**Task description**
Every line from the start of the entries up to and including the one bearing "经过员工个人申请,班级和班主" must be printed verbatim, without the pictures.

**Stored items**
= Beginning of Section =
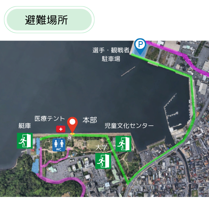 会場にお越しになる前に避難場所を確認してください。落雷の危険がある場合、災害が発生した場合は近くの建物に避難してください。医療テントは大会本部がある湊山公園東屋の付近に設けられます。
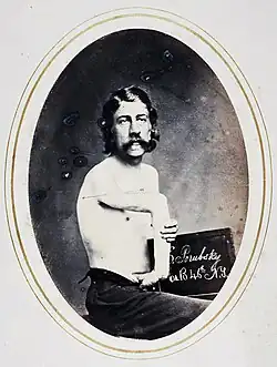 Photo from the book, Shooting Soldiers: Civil War Medical Photography by Dr. R.B. Bontecou. Written by Dr. Stanley B. Burns, published by Burns Archive Press. This photograph depicts G. Porubsky, Co B. 46th NY volunteer soldier displaying excision of the humerus. This photograph from Bontecou's teaching album shows Bontecou's operation of bone removal in the upper arm, which left the patient with a useless limb.
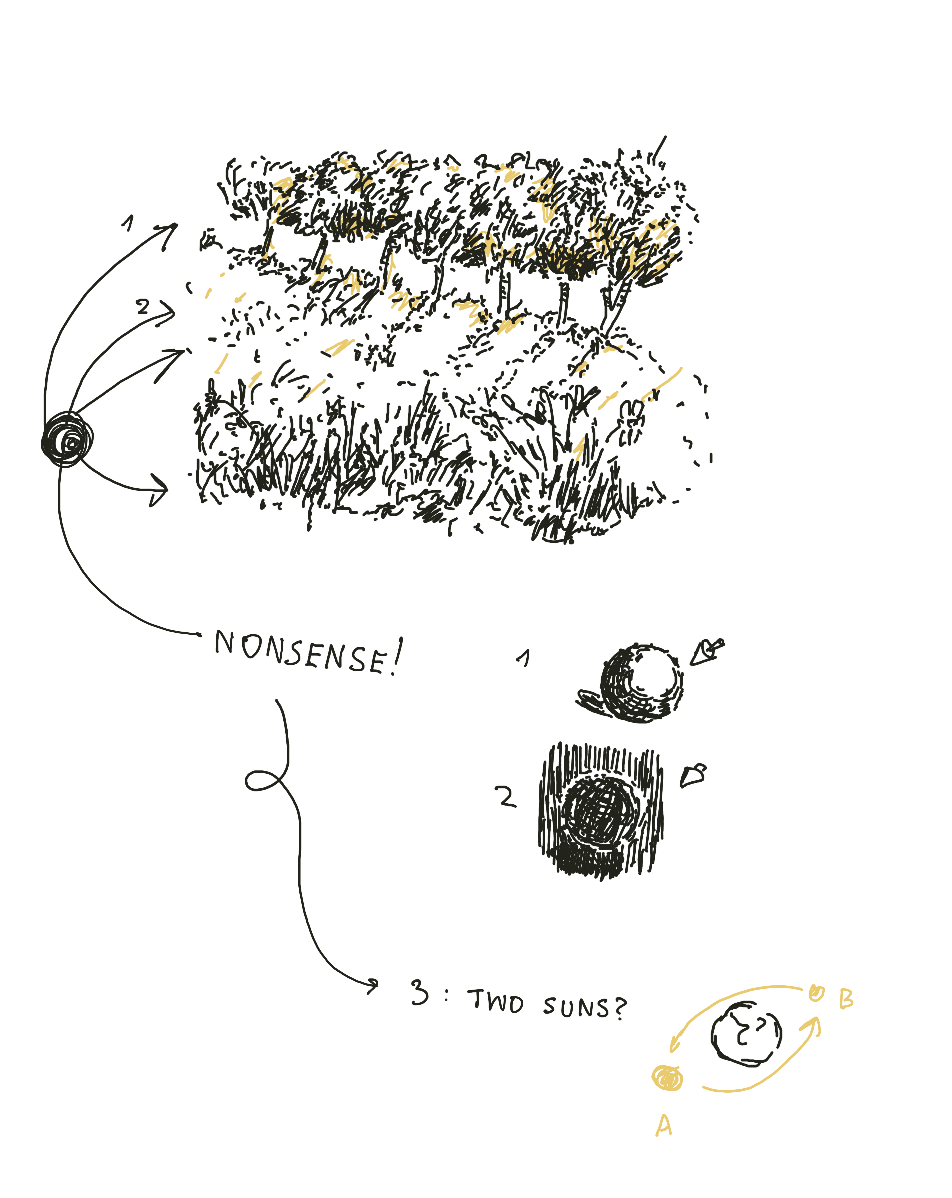 Things I've learned by studying my less weird drawings: I have a deeply ingrained belief that there are two suns (or, I keep forgetting how to place the shadows)
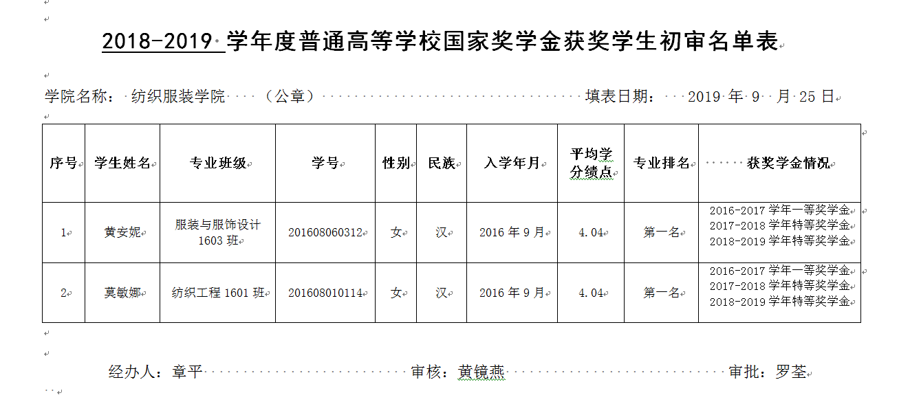 经过员工个人申请,班级和班主任推荐,公司选拔、审核和民主评定,现拟定推荐服装与服饰设计1603班黄安妮、纺织工程1601班莫敏娜参评2018-2019学年BWIN必赢国家奖学金。如对以上员工有异议,请联系BWIN必赢员工工作办(0731-58680356)或公司党总支副书记罗荃(18390215152)。
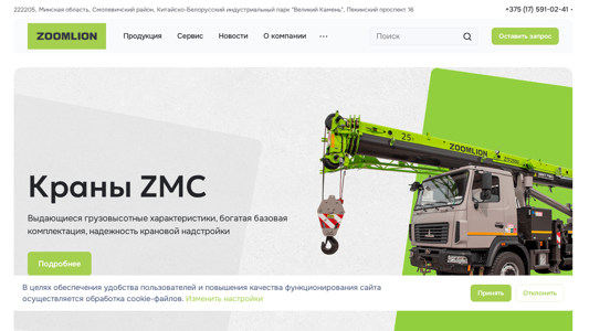 | AI-анализ | The website is the official site of OOO "ЗУМЛИОН БЕЛ-РУС", a Belarusian-Chinese joint venture. The site provides information on the features and pricing of ZMC 25, ZMC 40, and ZMC 60 cranes from the manufacturer, as well as contacts for service and dealership centers and an option to submit a purchase inquiry. Keywords related to cranes, heavy machinery, and the company's name are prevalent in the site's metadata. The company's location is in the Chinese-Belarusian Industrial Park "Великий Камень" in the Sмолевичsky district of Минская области, and contact information includes phone numbers for sales, service, and procurement departments, as well as a location address and operating hours. The site showcases the company's product line |
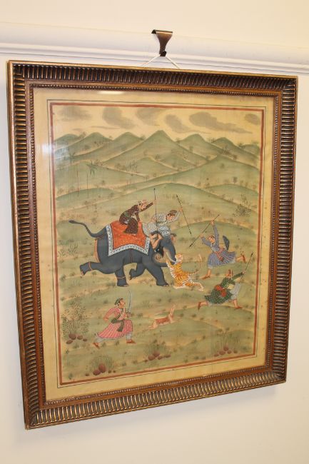 Indian School (Late 19th/20th century), A tiger hunt, gouache on silk, 51cm by 42cm.
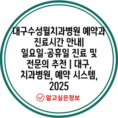 대구수성윌치과병원 예약과 진료시간 공지| 일요일·공휴일 진료 및 전연락 추천 | 대구, 치과병원, 예약 시스템, 2025 에 대해 자주 묻는 질문 TOP 5
= End of Section =
**Response to the task**
 会場にお越しになる前に避難場所を確認してください。落雷の危険がある場合、災害が発生した場合は近くの建物に避難してください。医療テントは大会本部がある湊山公園東屋の付近に設けられます。
 Photo from the book, Shooting Soldiers: Civil War Medical Photography by Dr. R.B. Bontecou. Written by Dr. Stanley B. Burns, published by Burns Archive Press. This photograph depicts G. Porubsky, Co B. 46th NY volunteer soldier displaying excision of the humerus. This photograph from Bontecou's teaching album shows Bontecou's operation of bone removal in the upper arm, which left the patient with a useless limb.
 Things I've learned by studying my less weird drawings: I have a deeply ingrained belief that there are two suns (or, I keep forgetting how to place the shadows)
 经过员工个人申请,班级和班主任推荐,公司选拔、审核和民主评定,现拟定推荐服装与服饰设计1603班黄安妮、纺织工程1601班莫敏娜参评2018-2019学年BWIN必赢国家奖学金。如对以上员工有异议,请联系BWIN必赢员工工作办(0731-58680356)或公司党总支副书记罗荃(18390215152)。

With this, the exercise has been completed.